Alie Jackson on AR, Storytelling, and her Hometown in Texas

Alie Jackson is a multimedia artist based in Austin, Texas. Her work reflects her observations of current events and personal experiences through abstractions in augmented reality, installation, video, painting, sculpture, and textiles. She has over 11 years of experience working on freelance and agency projects with brands in the entertainment and retail space including Lionsgate, Sony Pictures, Marvel, Warner Brothers, Disney+, Hulu, FX, Nike, and Footaction.

Ahead of the Ghosting Miami launch, she talked with Illust about the personal story behind her piece Mangled Metals and how AR helps guide her storytelling.

Tell us a little about the work you’re presenting with Ghosting 

 

My piece is titled Mangled Metals, it’s an abstract view surrounding rapid growth and issues that it brings to my hometown Austin, TX. Austin’s growth has resulted in a boom of land and building development that has impacted our local environment, creative communities, and a massive increase in the displacement of people of color. I’ve been thinking a lot over the past few years about the negative effects of rapid growth in the area, so much that I moved outside of Austin to a small town with a more affordable cost of living. Many of my creative peers are doing the same thing, and this is resulting in the outward migration of Austin’s creative community to small affordable towns in central Texas.

The work was created by freestyling elements and shapes individually in VR and then arranging them together in Blender. The result of the elements coming together resemble an intertwined cluster of metallic objects rotating around a hollow core.

Explain how your surroundings influence your work?

My work is always influenced by my surroundings. This work in particular is heavily influenced by leaving one city and moving onto the next. I was still in between my new and old house when creating this work, I think that definitely shows in the sense of organized chaos it has. Although not reflected in this piece, I find that my current work after moving to a small town has been a bit less chaotic, my process is a bit slower and I’ve started to incorporate more wildlife.

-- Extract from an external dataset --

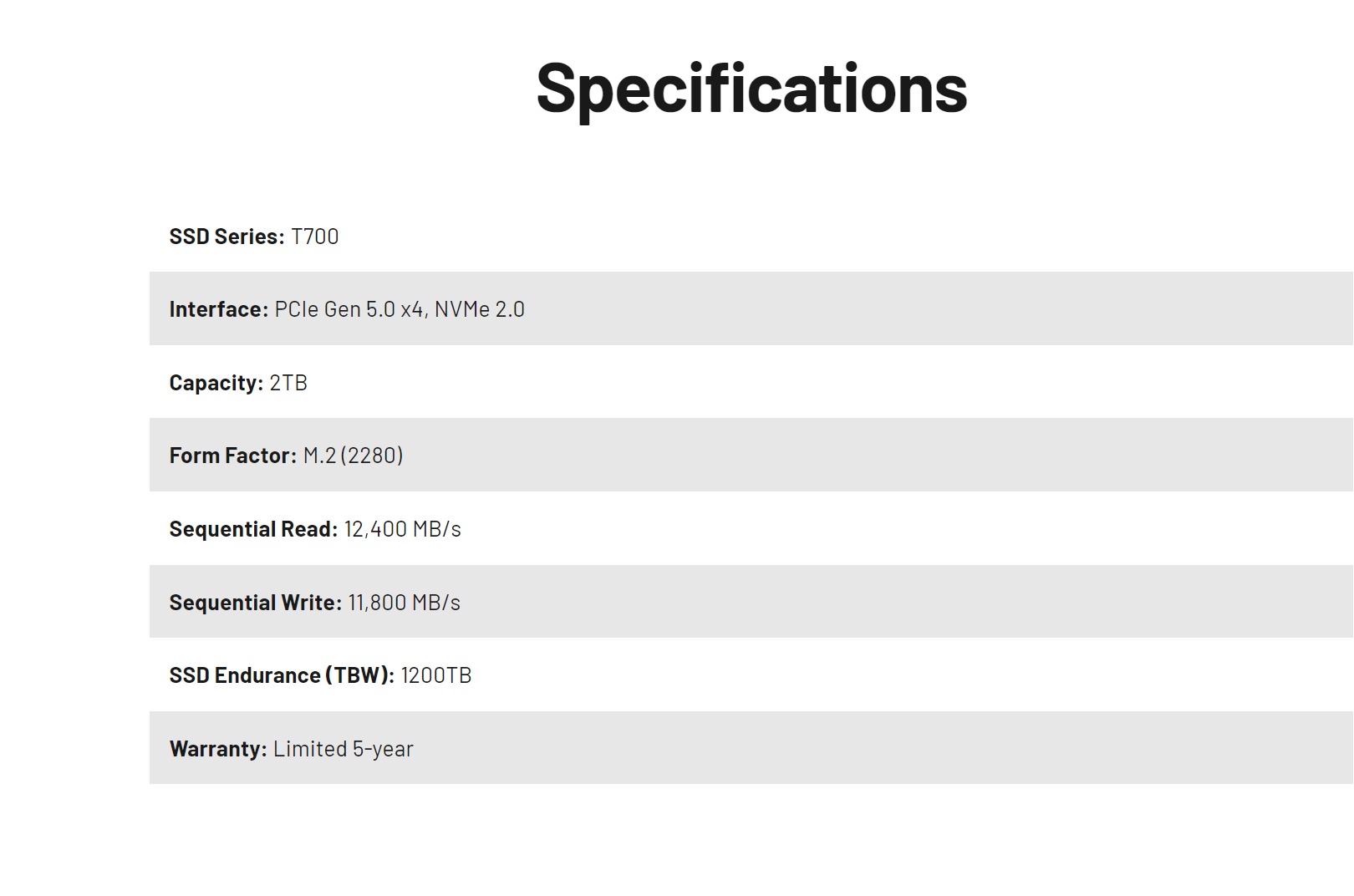 The Crucial T700 SSD offers speeds of up to 12,400Mb/s sequential read and up to 11,800Mb/s sequential write (up to 1,500K IOPS random reads/writes) for faster gaming, video editing, 3D rendering and heavy workload applications, and features 2TB of capacity.

How does translating your work into AR form speak to your practice? 

I am really interested in translating a story or feeling using different mediums and seeing if the work takes on new meanings through those mediums. What I love so much about working in AR is the unique experience the viewer has with the work each time they view it. Unlike showing work in a controlled environment like a gallery or on your computer screen, viewing a piece of work in AR is always going to have uncontrolled variables. The lighting, temperature, sound, and location are in a constant state of change.

How does blockchain technology support you as an artist? 

This is my first project tied to blockchain, so I am excited to find out! I think the NFT space is exciting for artists that work outside of the traditional ‘art gallery’ model as a way to monetize our work and not have to take on client work to pay the bills.

The people at Illust have had an artist first mentality since Day 1, and that’s tough to find these days. They’ve made this complicated process easy to understand and I love how they have incorporated a payout system for the artists through every future trade of the artwork.

Alie’s work is currently on view in Miami and will be available as a part of the Ghosting Collection 2 Auction September 8-9.